Investigators began visiting farms in the Salinas Valley on Tuesday, seeking signs of past flooding or cases in which contaminated surface areas had come into contact with crops. They also were looking for potential sources of bacteria inside packing plants.

California produces 74 percent of the nation's fresh spinach crop. The Salinas Valley accounts for roughly three-quarters of the state's share, and it has been the focus of the investigation. The area has links to both Natural Selection Foods and a second company that also recalled fresh spinach products, River Ranch Fresh Foods of Salinas.

A third company, RLB Food Distributors of West Caldwell, N.J., has recalled Balducci's and FreshPro brand spinach products distributed to East Coast states because some of the spinach could have come from Natural Selection Foods.

Arizona and Colorado on Wednesday joined the list of states reporting E. coli cases. The others are California, Connecticut, Idaho, Illinois, Indiana, Kentucky, Maine, Michigan, Minnesota, Nebraska, New Mexico, Nevada, New York, Ohio, Oregon, Pennsylvania, Utah, Virginia, Washington, Wisconsin and Wyoming. Wisconsin has reported the most cases, as well as the lone death.

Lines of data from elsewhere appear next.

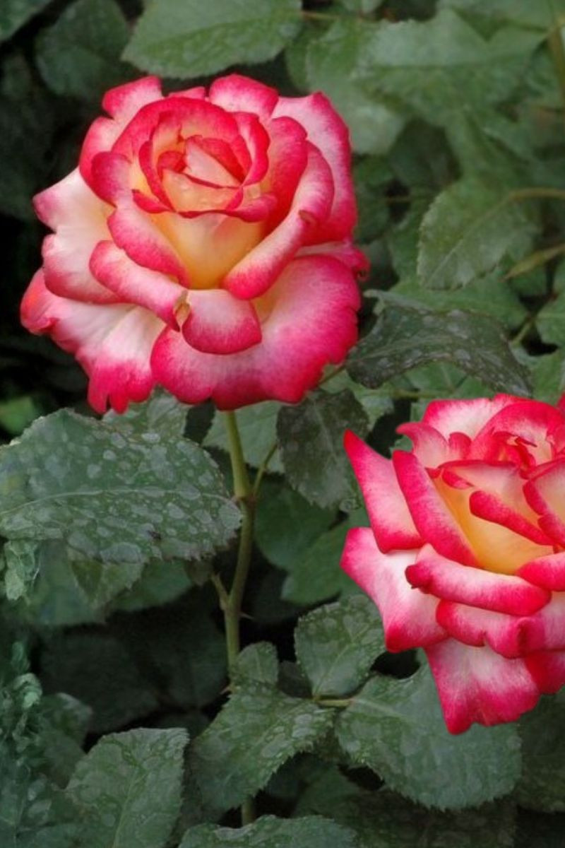 Le Rosier 'Léo Ferré' ? s'orne de grandes roses originales et dispose d'un coloris particulièrement contrasté.
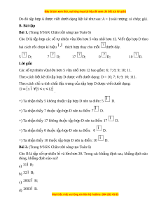 không có b nên b không thu c vào t ộ p ậ h p M ợ . Do đó kh ng ẳ đ nh t ị rên là đúng. +) i Î M Ta nh n ậ thấy, i n m ằ trong t p ậ h p M ợ nên i thu c ộ t p h ậ p M ợ . Do đó kh ng đ ằ nh t ị rên là đúng.
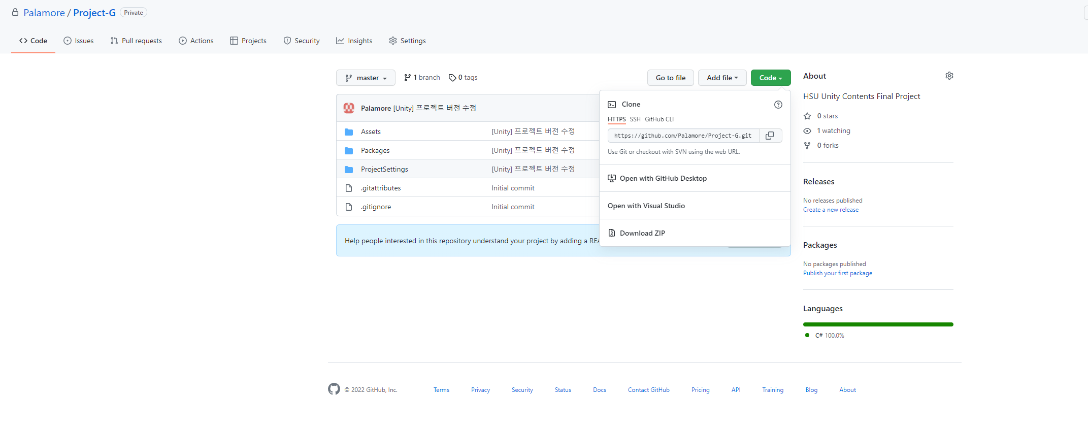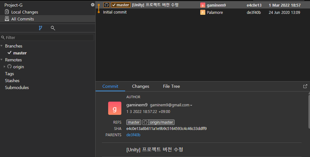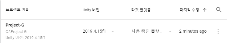 프로젝트 탭에서 '추가' 버튼으로 C드라이브에 생성된 Project-G를 클릭.
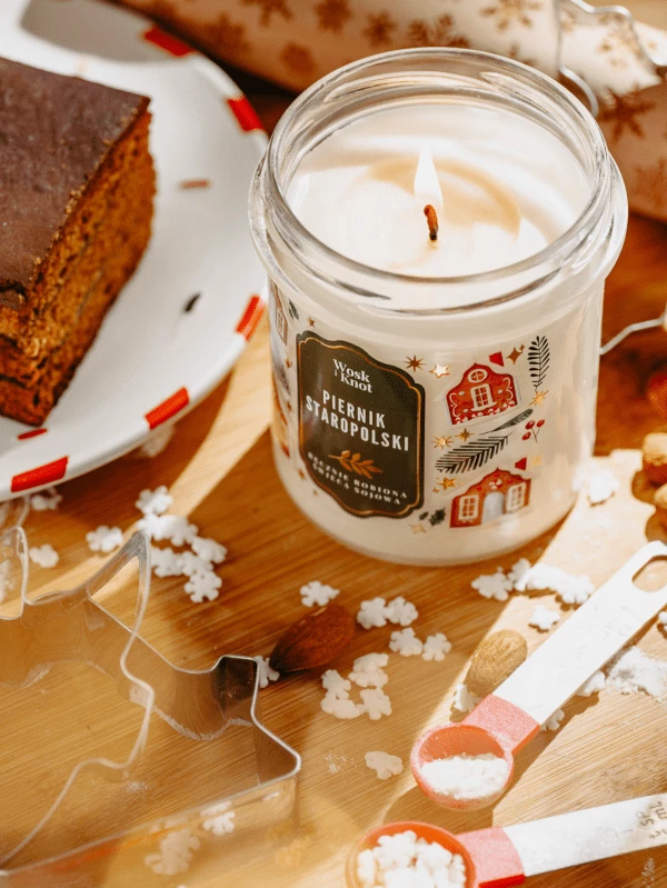 - Piernik Staropolski Świeca Sojowa – esencja świątecznego ciepła, przynosząca do wnętrz zapach, który jest jak podróż w czasie do tradycyjnej polskiej kuchni pełnej świątecznych wypieków.
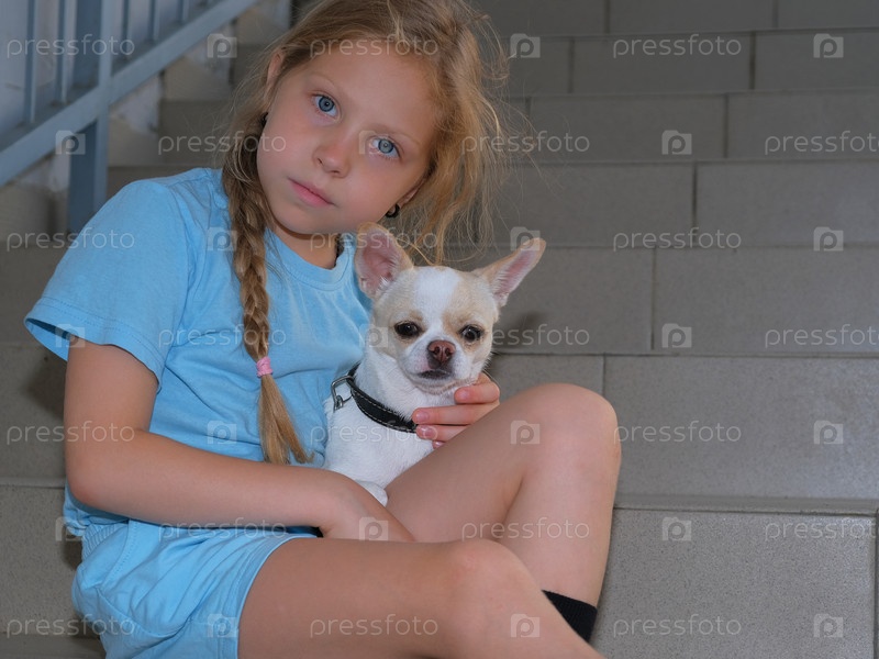 Девочка в бирюзовом костюме с любимой собачкой чихуахуа

Among those sickened, 71 percent were women. Among those victims who could provide a date, they reported falling sick between Aug. 19 and Sept. 5, according to the Centers for Disease Control and Prevention.

New Mexico's public health laboratory isolated E. coli from the bag of opened spinach and then completed "DNA fingerprinting" tests late Tuesday. State and federal officials then matched it to the strain of the bacteria — E. coli O157:H7 — implicated in the outbreak.